Подгоняемая порывами сильного ветра, толкавшего её вперед, Джил зашагала дальше. Через какое-то расстояние от неё в остатках высаженных кустов белела маленькая церковь, похожая на островок светлого цвета. Белое здание утопало в зелени, за которой никто не смотрел, не подстригал и не приводил в порядок. Джил прошла мимо неё, мельком взглянув и подумав, что этот островок дышит спокойствием и тишиной. И он абсолютно чужд городу и его суете.

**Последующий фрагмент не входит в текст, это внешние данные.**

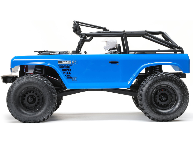 Obsahom balenia je zostavený RC model auta Axial SCX10 II Deadbolt 4WD s nainštalovanými komponentmi: jednosmerný motor Dynamite 540 35T, jednosmerný regulátor Spektrum 40A, servo riadenia Spektrum S614. RC vysielač Spektrum SLT2 a RC prijímač Spektrum SLR300, 4 AA batérie do vysielača. Balíček s plastovými dielmi. Návod CZ, EN, DE, FR a IT.
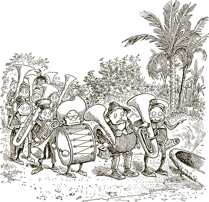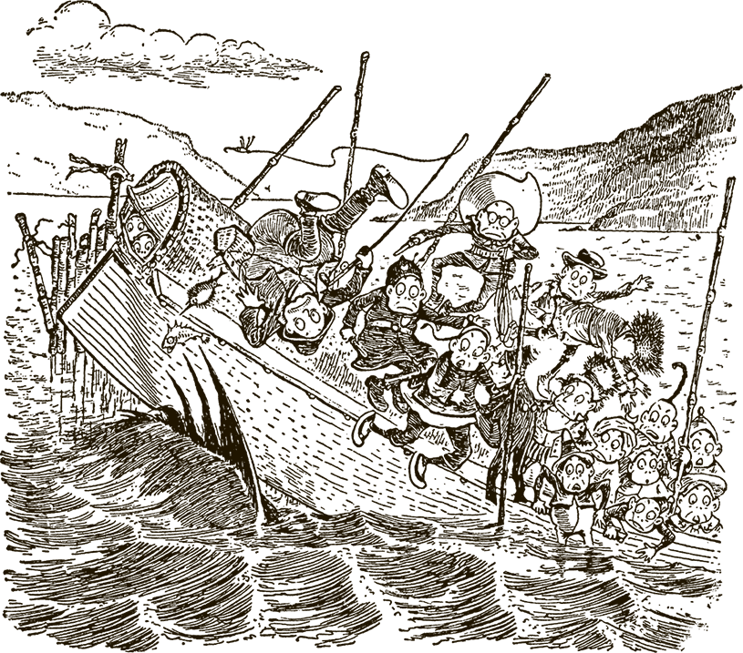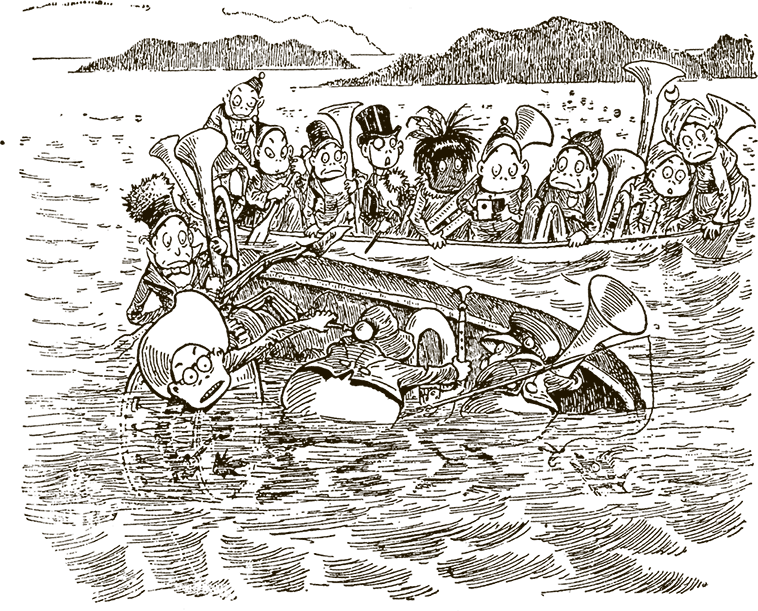 Мне, как дирижёру, следовало бы идти впереди, но я предпочёл место в задних рядах. И не пожалел: едва шедший впереди Мик с большим барабаном, Лим и Заячья Губа с огромными трубами уселись в лодку, как она перевернулась и музыканты очутились в воде, в то время как вторая лодка, в которой вместе с остальными сидел и я, благополучно отчалила от берега и двинулась вперёд.
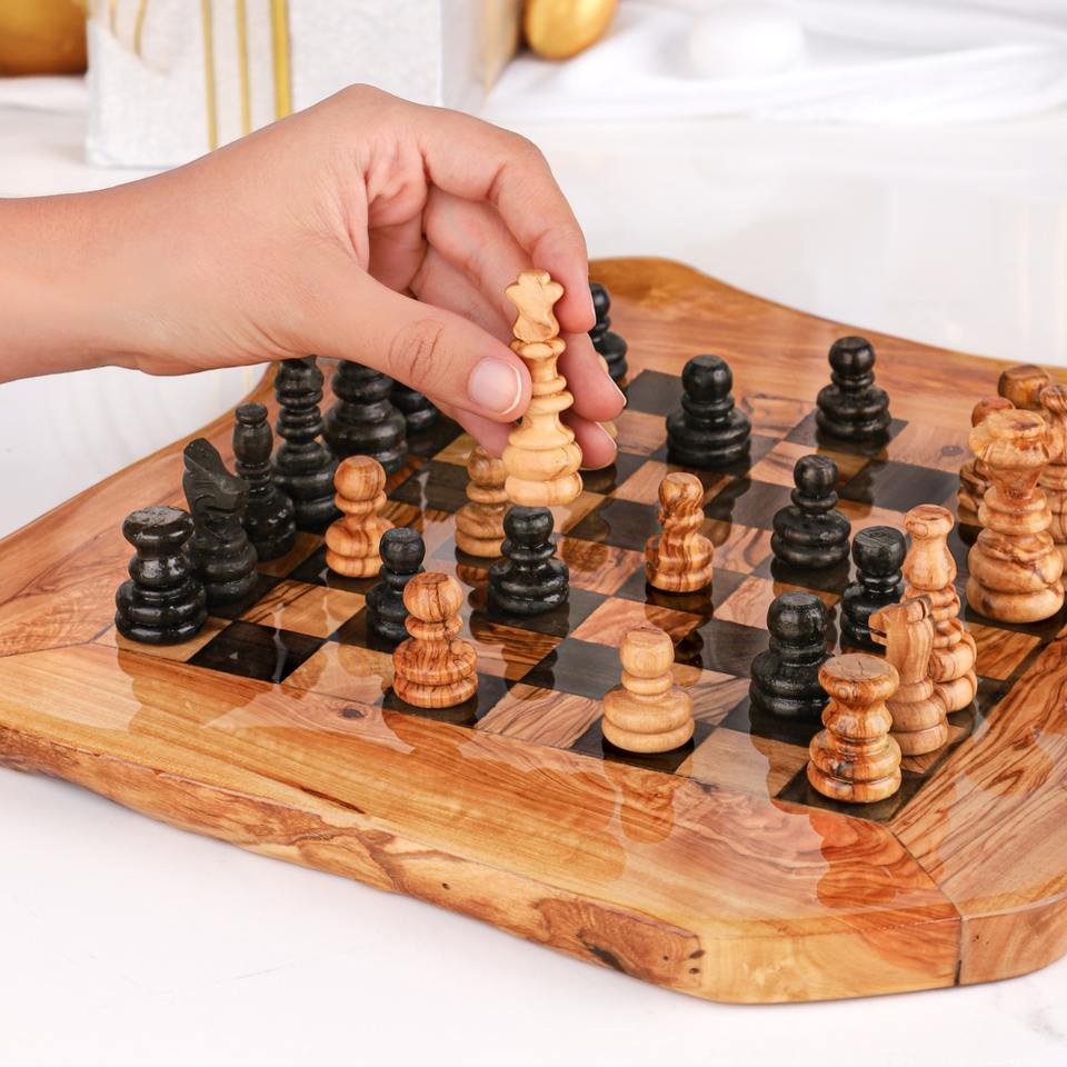 Glossy Handmade Olive Wood Chess Set Board-Complete with Artisan-Crafted Wooden Chess Set ArtisRaw CG010
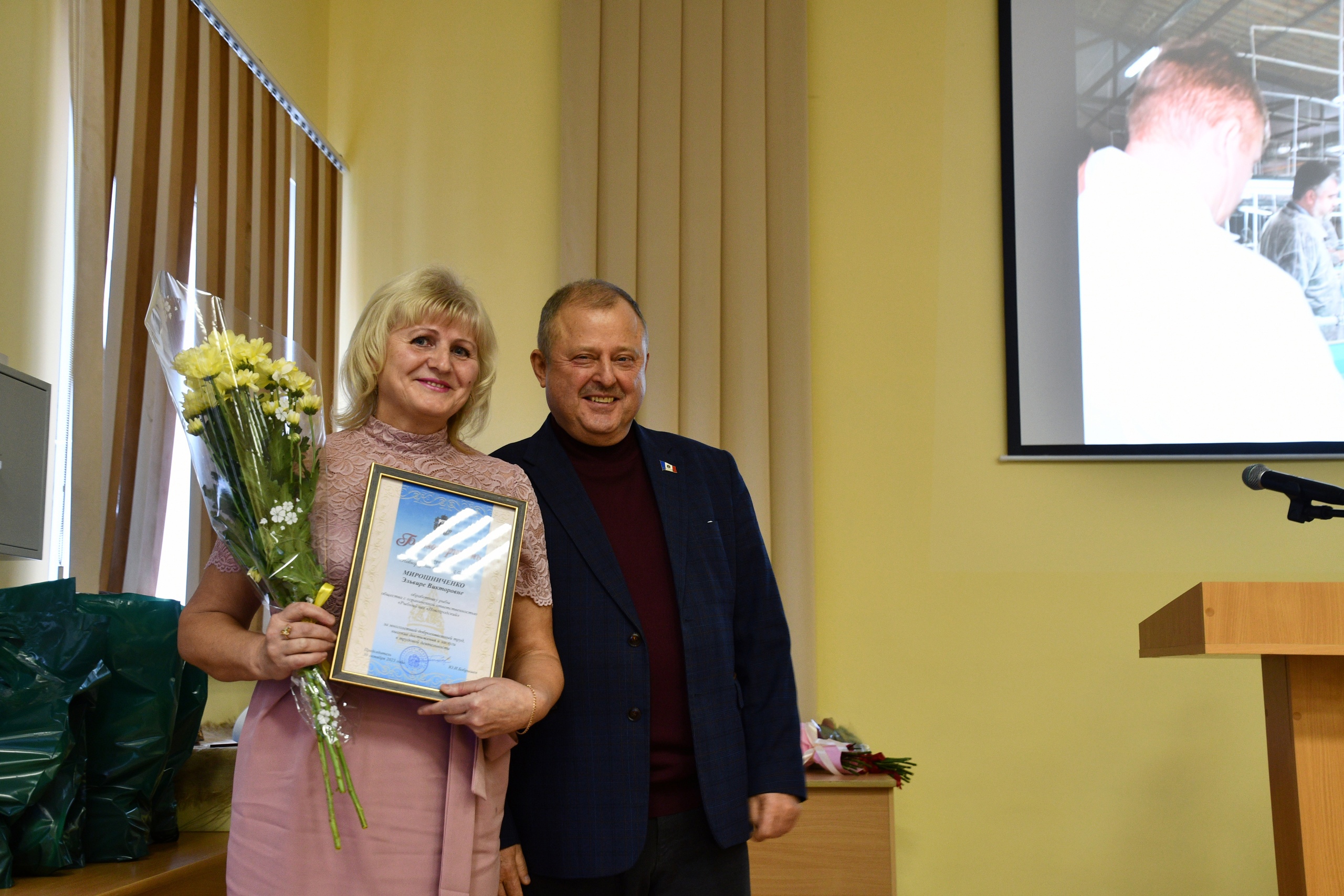 Владимир Королёв вручил Благодарность председателя Новгородской областной Думы представителю рыбоперерабатывающей отрасли Эльвире Мирошниченко.

Она миновала заросли, распространявшие приятный, глубокий аромат сирени, и неожиданно, побуждаемая непонятным чувством, остановилась и обернулась.
Казалось, что ноги сами несли её обратно к бело-зеленому оазису. Джил нерешительно направилась по заросшей дорожке, ведущей к дверям церкви, отодвигая в сторону низко склоненные ветки. От движения с них осыпались лепестки, похожие на капли благоухающего дождя.
Двери церкви были закрыты, что выглядело вполне ожидаемо. Вряд ли кто-то приходил сюда последние лет пять, если не больше. Джил стояла, смотря на такие же белые двери, которые не потускнели и не выцвели, несмотря на забвение. От тени зелени воздух был не настолько удушлив и пылен. После некоторого колебания Джил подошла к входу. К дверям вели три небольшие ступени, служившие декоративным украшением, и она, смахнув с них старые листья и опавшие ветки, села на самую нижнюю.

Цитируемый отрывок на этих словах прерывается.